Would you write out each line of the material below exactly, skipping every picture?

- _EXERCISE DATA_:
####################
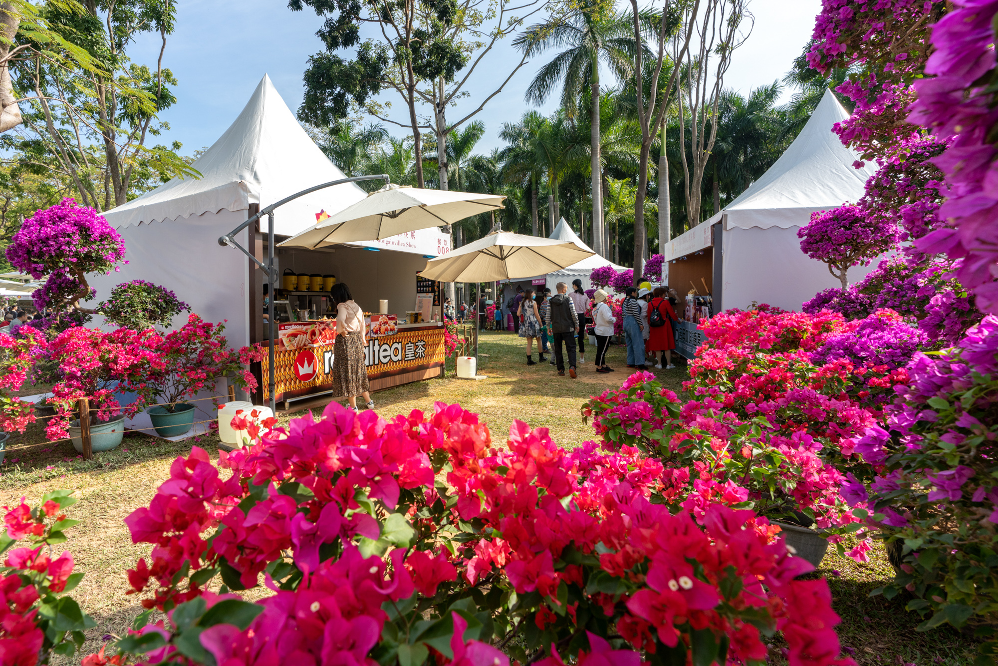 城市花集位于蓮花山公園藍(lán)楹路與紅棉路交匯的大草坪區(qū)域,展區(qū)總面積約2300平方米,共布置36個攤位。其中花卉園藝攤位27個,主要售賣鮮切花、小型盆栽、多肉植物、干花、花種、花肥,以及與園藝相關(guān)的工具和文創(chuàng)產(chǎn)品等;餐飲服務(wù)攤位有9個,使市民在逛花展的同時,也可品一杯咖啡或花茶,放松身心。不僅豐富了市民、游客的賞花和觀展體驗,更能讓大家把花與美帶回家,使觀展的幸福感得以延續(xù)。
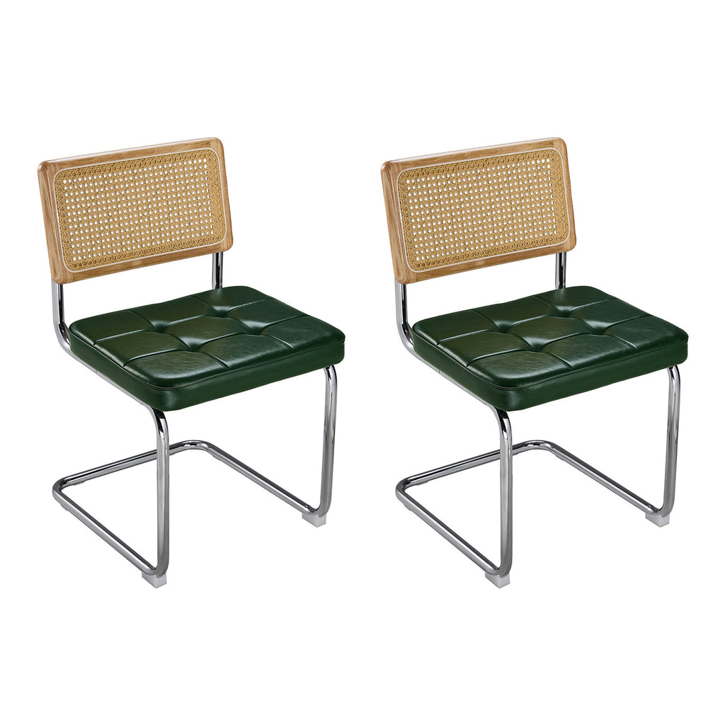 This dining chair set elegantly blends natural and retro styles, adding a unique charm to your dining space. The backrest combines premium rattan with a wooden frame, ensuring durability while exuding vintage appeal. The breathable woven rattan design promotes air circulation, keeping you cool and comfortable. The seat features smooth PU leather upholstery with high-density foam padding, offering soft yet resilient support for all-day comfort. The chairs are equipped with stable metal legs at the bottom, which are slip-resistant and wear-resistant, offering reliable support for the seats. Whether paired with a dining table or used as a casual single chair, they can inject a warm and natural atmosphere into your home environment.
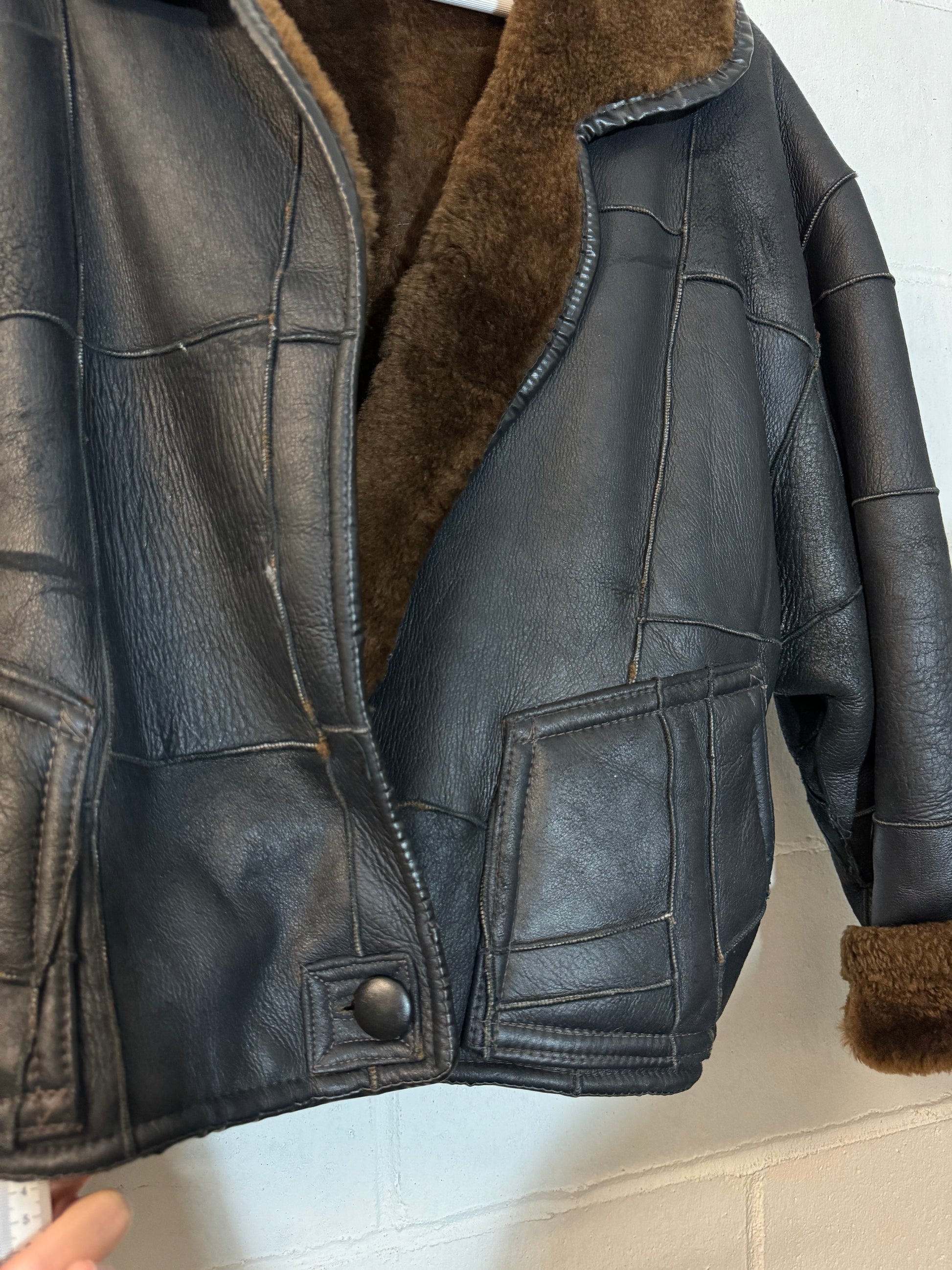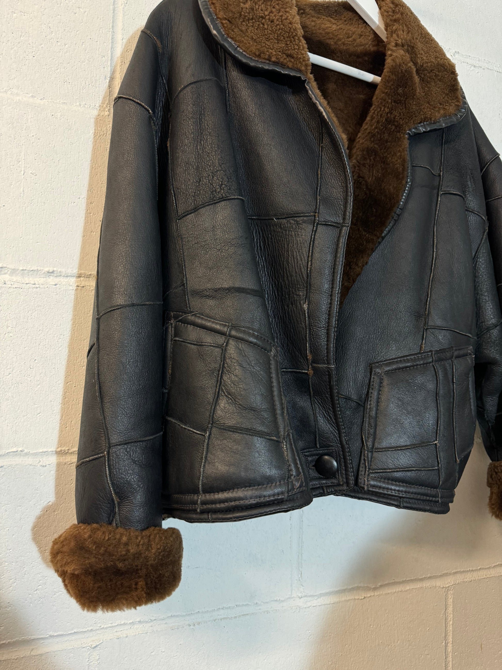 Bomber Shearling cropped. Esterno in nappa nera patchwork, interno a pelo raso cioccolato. Taglia S donna
####################
- _EXERCISE SOLUTION_:
 城市花集位于蓮花山公園藍(lán)楹路與紅棉路交匯的大草坪區(qū)域,展區(qū)總面積約2300平方米,共布置36個攤位。其中花卉園藝攤位27個,主要售賣鮮切花、小型盆栽、多肉植物、干花、花種、花肥,以及與園藝相關(guān)的工具和文創(chuàng)產(chǎn)品等;餐飲服務(wù)攤位有9個,使市民在逛花展的同時,也可品一杯咖啡或花茶,放松身心。不僅豐富了市民、游客的賞花和觀展體驗,更能讓大家把花與美帶回家,使觀展的幸福感得以延續(xù)。
 This dining chair set elegantly blends natural and retro styles, adding a unique charm to your dining space. The backrest combines premium rattan with a wooden frame, ensuring durability while exuding vintage appeal. The breathable woven rattan design promotes air circulation, keeping you cool and comfortable. The seat features smooth PU leather upholstery with high-density foam padding, offering soft yet resilient support for all-day comfort. The chairs are equipped with stable metal legs at the bottom, which are slip-resistant and wear-resistant, offering reliable support for the seats. Whether paired with a dining table or used as a casual single chair, they can inject a warm and natural atmosphere into your home environment.
 Bomber Shearling cropped. Esterno in nappa nera patchwork, interno a pelo raso cioccolato. Taglia S donna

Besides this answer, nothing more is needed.